Rect.hack draws 2 rectangles instead of 1

Hi,
  I finished my Computer.hdl . All the test scripts were successfully run.
  But in the ComputerRect-external.tst and ComputerRect.tst instead of 1 rectangle  being drawn as explained by the script, I have 2 rectangle being drawn,  Heres an img of it .
Any clues as to where the bug may be.


Thanks,
  Sharan  

Update
According to fig 5.11, RAM[0] should be set to 50,  but my RAM[0] is set to 4. Everything else matches.

Thanks,
 Sharan

sharan013 wrote

Hi,
  I finished my Computer.hdl . All the test scripts were successfully run.
  But in the ComputerRect-external.tst and ComputerRect.tst instead of 1 rectangle  being drawn as explained by the script, I have 2 rectangle being drawn

It looks like you have an address decoding problem in your Memory.hdl chip.

Here is a test for Memory.hdl I've been working on that does some extensive address bit testing.
    Memory-new.tst
    Memory-new.cmp

If you can't find the problem, you can email me your CPU, Memory and Computer files I'll be happy to take a look at them.

--Mark

Hi,
 Thanks Mark, I fixed my Memory.hdl . I had missed corner case. Everything  things working fine. Thanks again.

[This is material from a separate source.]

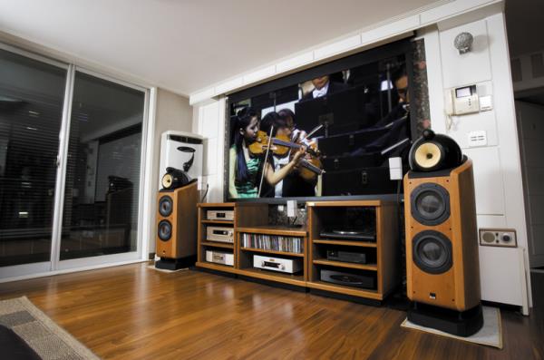 중간에 한 번 이사를 하게 되면서 큰방 하나를 완전히 AV 룸으로 꾸며보게 되었다. 도배 자체를 검정색 비슷한 것으로 하고, 전기도 새로 끌어 오고, 암막 커튼도 설치하는 등 엄청 노력해서 꾸몄다. 그러나 거의 사용하지 못했다. 약간 오디오에 흥미를 잃기 시작했기 때문이다(사실 많은 사건들이 있어서 취미 생활을 할 수 없는 시절이었다. 나의 오디오 생활에 일종의 암흑기가 되었다). 그러다가 2006년 가을에 현재의 아파트로 이사를 오게 되었다. 이 시점에서 나는 AV와 하이파이의 통합을 확실하게 포기했다. 양쪽 모두 추구해서 만족하려면 정말 많은 자금이 필요할 것 같았다. 운이 좋아서 이사 오기 전까지 3개월 정도 인테리어를 꾸밀 수 있는 시간이 있었다. 거실을 설계하기 시작했다. 벽에 전깃줄을 넣고, 스크린 박스도 만들고, 필요한 곳에 영상 케이블과 음성 케이블을 인입하는 등 작업들이 너무너무 재미있는 과정이었다. 그래서 완성된 것이 현재의 우리 가족의 놀이 공간이다. 전면에는 하이파이와 관련된 모든 기기들과 AV 리시버가 존재하고, 사진에는 없지만 왼쪽 공간에는 비주얼에 관련된 모든 장비가 존재한다. TV, DVD, 블루레이 플레이어와 엑스박스360, PS3, HD 튜너, Tvix, BS 튜너, DVHS, 각종 실렉터 등이 있다. 머리 위에는 프로젝터를 달았다. 우리 집 거실에는 줄이 하나도 안 보이는 것이 특징이다. 처음부터 그렇게 설계했다. 지저분하게 보이지 않는 것이 첫 번째 목표였기 때문이다. 물론 고수들이 보기에는 음악적 요소들이 많이 결여되어 있겠지만, 나의 선택이 옳은 선택이었다고 믿는다. 이 공간은 우리 가족들이 함께 24시간 지내는 곳이기 때문이다.

 Is there any way to see how efficient your design is  ? ( No of Nand gates used). I was thinking of writing a program which will recursively find the total number of nand gates used by the design. Would that be useful for the community ?

You guys have done an awesome work with this. This is really cool.  I cant wait for the next part, Thanks again.

 Sahran

 

sharan013 wrote

Is there any way to see how efficient your design is  ? ( No of Nand gates used). I was thinking of writing a program which will recursively find the total number of nand gates used by the design. Would that be useful for the community ?

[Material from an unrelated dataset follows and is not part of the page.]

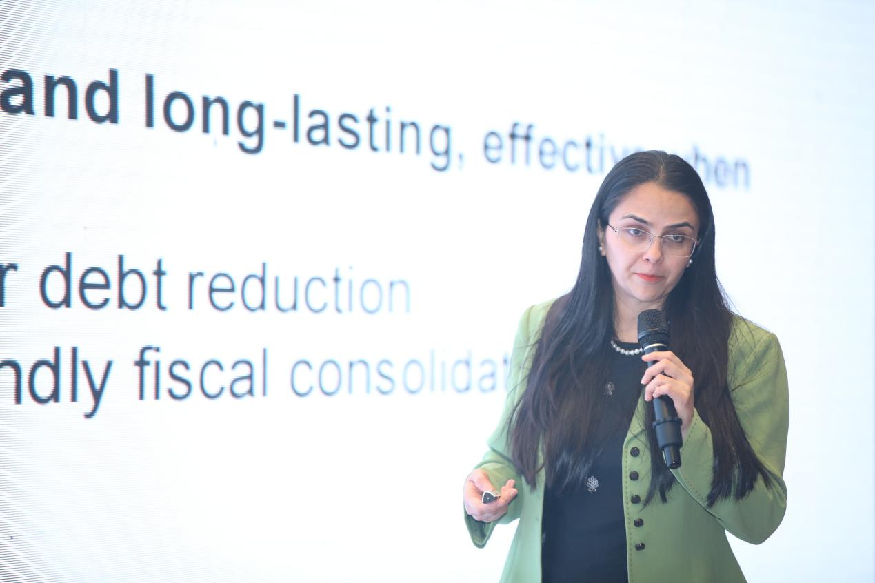 接着,Prachi Mishra女士发表主题演讲,探讨了真正降低公共债务率的两大措施:财政整顿和债务重组。要提高财政整顿的成功率,需要在三个条件下进行:在经济向好或经济复苏期间以及全球不确定性较低时进行;最初的债务高峰期是财政整顿最关键的时刻;更多地采用支出而非收入进行财政整顿。对于债务重组,她认为需要关注三个要点:第一,减少债务可以通过减记或调整票面利率或延长期限来实现,但这需要与债权人达成协议;第二,需要与其他一系列工作进行协调;第三,无论采取何种方式,必须具备足够深度,并且要与其他政策相互配合。

The tools don't provide any way to do this. I wrote a simple C program to do this for my implementation:
    nand = 1;
    not = nand;
    and = nand+not;
etc. to determine the number of Nands in each part. Search the forum for "gate count" to find related posts.

Trying to optimize 2-input Nand gate count isn't too useful. CMOS, the technology in most modern ICs has N-input "and-or-invert" and "or-and-input" as primitive gates (meaning 1 transistor switching time delay). Nand, Nor and Not are just degenerate cases of these gates.

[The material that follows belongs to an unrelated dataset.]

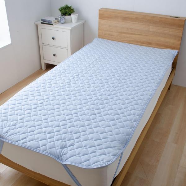 ・MITASミタスのひんやり寝具は、綿100%生地なのに心地よくひんやりと感じさせてくれるやさしい寝具です。・綿の糸に特殊な撚り方(よりかた)を施すことによって、表面の毛羽や凹凸をなくすことで熱や湿気がこもる隙間を無くしており生地自体のひんやり感を高めています。・ひんやり感を表すq-MAX値は0.3w/cm2。通常0.2以上でひんやり感があるとされる基準を上回っております。 ちょっと熱く感じても敷パッドなので寝返りを打つたびにひんやり感が戻ります。・綿100%の生地なのでひんやり素材にありがちな化学繊維のツルツル・カサカサが苦手な人におすすめ。やさしい肌ざわりとひんやり感の2つを感じられる夏におすすめの敷パッドです。・生地となかわたをきっちりホールドしてくれるキルトはダイヤキルトで、何度も洗っても中のわたがよれるにくい設計です。・4すみにはゴムバンドが付いているので、ベッドマットレスにも敷布団にも取り付け取り外しが簡単。洗濯の時にも便利な仕様です。 マットレスは20cmまでの製品に対応しています。・商品仕様 セミダブルサイズ120x205cm 生地綿100% なかわたポリエステル100% 4角にゴムバンド付き。 【商品仕様】・商品仕様 セミダブルサイズ120x205cm 生地:綿100% なかわた:ポリエステル100% 4角にゴムバンド付き。 【商品サイズ】セミダブルサイズ120x205cm  ©MITAS株式会社

The skill to learn from this course is abstraction and hierarchical design, not specifically design with Nands.

You can spend way too much time trying to get just one more gate out of a design. Look what Koen and I managed to do with my all Nand ALU.

--Mark

It is probably too late for you, but in case others are interested, I wrote golf.rb for my study group. It runs in two different ways:

% ./golf.rb 01 | cut -f1,8 -d\|
gate\user : zenspider | itscaleb 
total     :       725 |     1603 

Not       :         1 |        1 
And       :         2 |        2 
Or        :         3 |        3 
Mux       :         4 |        8 
Xor       :         4 |        9 
DMux      :         5 |        5 
DMux4Way  :        15 |       15 
Not16     :        16 |       16 
Or8Way    :        21 |       21 
And16     :        32 |       32 
DMux8Way  :        35 |       35 
Or16      :        48 |       48 
Mux16     :        49 |      128 
Mux4Way16 :       147 |      384 
Mux8Way16 :       343 |      896 

Which gives you a user-by-user golf (ie, lower is better) score per chip.

% ./golf.rb zenspider/02/ALU.hdl 
Or              =  1 *   3 =   3
Not             = 17 *   1 =  17
And16           =  1 *  32 =  32
And             = 16 *   2 =  32
Or8Way          =  2 *  21 =  42
Not16           =  3 *  16 =  48
Add16           =  1 * 144 = 144
FullAdder       = 16 *   9 = 144
Mux16           =  6 *  49 = 294
ALU             =  1 * 564 = 564

Which gives you a detailed breakdown of a single chip.

The script is written specific to the way we set up our project (multiple people in one directory w/ golf.rb at the top), but can be easily tweaked for your setup.